When you are at your breaking point...Abba
Sure. I have been stressed. Stress and I are not strangers to one another. He visits often and sometimes, I open the door and invite him into the home of my heart. But I don’t think that I have ever been so stressed that the capillaries beneath my skin burst forcing blood out my sweat glands. I guess I would call that a stressful moment. Jesus endured more stress than any of us could have ever known. As God, He knew what was coming and He knew that it would be the most awful death ever recorded in the history of mankind. Not only for the physical beating He took, but the anguish of knowing that the very people He came to save were the ones calling for the beatings and the crucifixion.
Where do you go when you are at that breaking point? When all Hell has been let loose on you and your family and you are at your breaking point, where do you go? I would love to say that I immediately go to the Lord and seek His face, but many times, it takes me a while. Sometimes, I try to handle it myself before I finally go to Him. But, in the Garden of Gethsemane, Jesus went to His Father.
Jesus spoke about his Father many times, but the first time that we see the most endearing term for Father was there in the Garden when the stress of the situation was forcing drops of blood out of his pores. It was there as He faced the greatest, most emotional, mental, and physical death ever known in history. It was there where His own disciples could not stay awake to pray with Him and He was alone. It was there that we first heard Him call out, “Abba.”
Abba is the term that is best translated into “Dad.” At His breaking point, under duress like none of us will ever know, He did not cry out to His Authority by saying ‘Father.’ He did not cry out for strength or power, all of the things that our society values most about Fathers. No, by crying out “Abba,” He was crying out for the love of His Dad. Is there anything more powerful than the love of Dad? It is the overwhelming tenderness from powerful hands. It is the moment when the man who must be strong to protect the family and set boundaries and discipline chooses to love tenderly. This is who Christ called upon.

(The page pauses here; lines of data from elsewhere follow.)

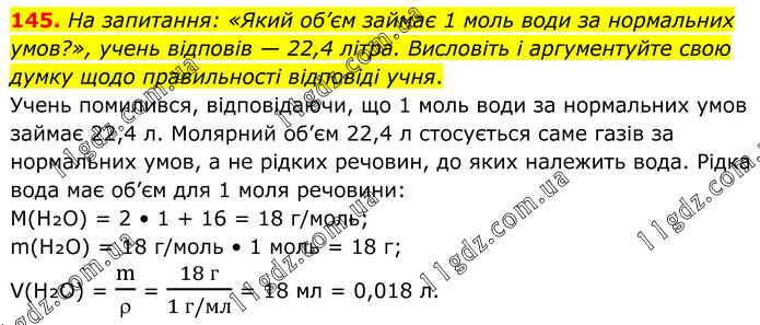 145. На запитання: «Який об’єм займає 1 моль води за нормальних умов?», учень відповів — 22,4 літра. Висловіть і аргументуйте свою думку щодо правильності відповіді учня. Учень помилився, відповідаючи, що 1 моль води за нормальних умов займає 22,4 л. Молярний об’єм 22,4 л стосується саме газів за нормальних умов, а не рідких речовин, до яких належить вода. Рідка вода має об’єм для 1 моля речовини: M(H₂O) = 2 • 1 + 16 = 18 г/моль; m(H₂O) = 18 г/моль • 1 моль = 18 г; V(H₂O) = m/ρ = (18 г)/(1 г/мл) = 18 мл = 0,018 л.
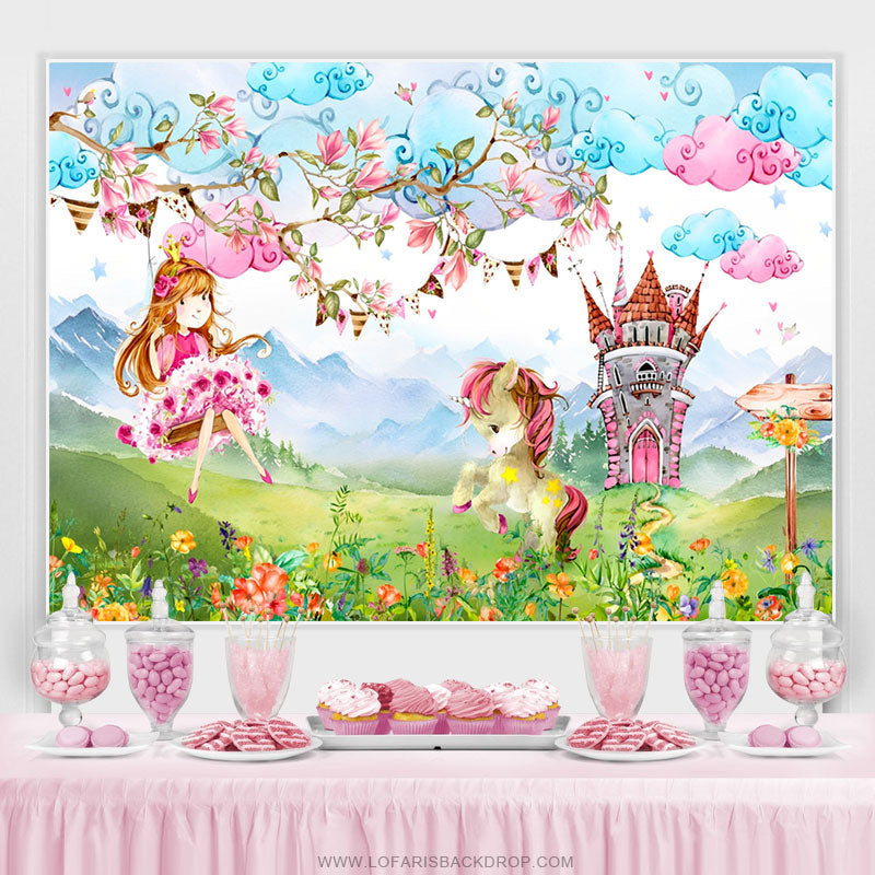 Cartoon Pferd Blumen Geburtstagsparty Hintergrund für Mädchen
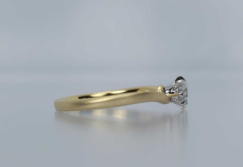 アームの柔らかなVシェイプのカーブに、輝くセンターのダイヤはまるで咲きたての花一輪。

Dad, can you be that man? Can you be tender while remaining strong? Can you be there when your children are at their breaking point as a source of comfort. What a gift we can be to our children if we can embody the tenderness of God along with the strength of God. How many children and adults hunger for the love of Dad. The love of Mom is just as significant but different; just as necessary and valuable but distinct from the love of Dad.
For those who have never experienced it, you can. The Almighty, All-Powerful, Ruler of the Universe is also “Abba.” His tenderness and comfort is found beyond the authority and power. Call out to Him and He will be there.
And Dads, don’t just be a Father. Be ‘Abba’ to your children. Know them enough to discern their moments of overload, pain, and stress and be ‘Abba’ to them. At the breaking point of a child, whether an infant or fully grown, there is something about the loving touch of Dad and when combined with the love of Mom, what more could a child ask for.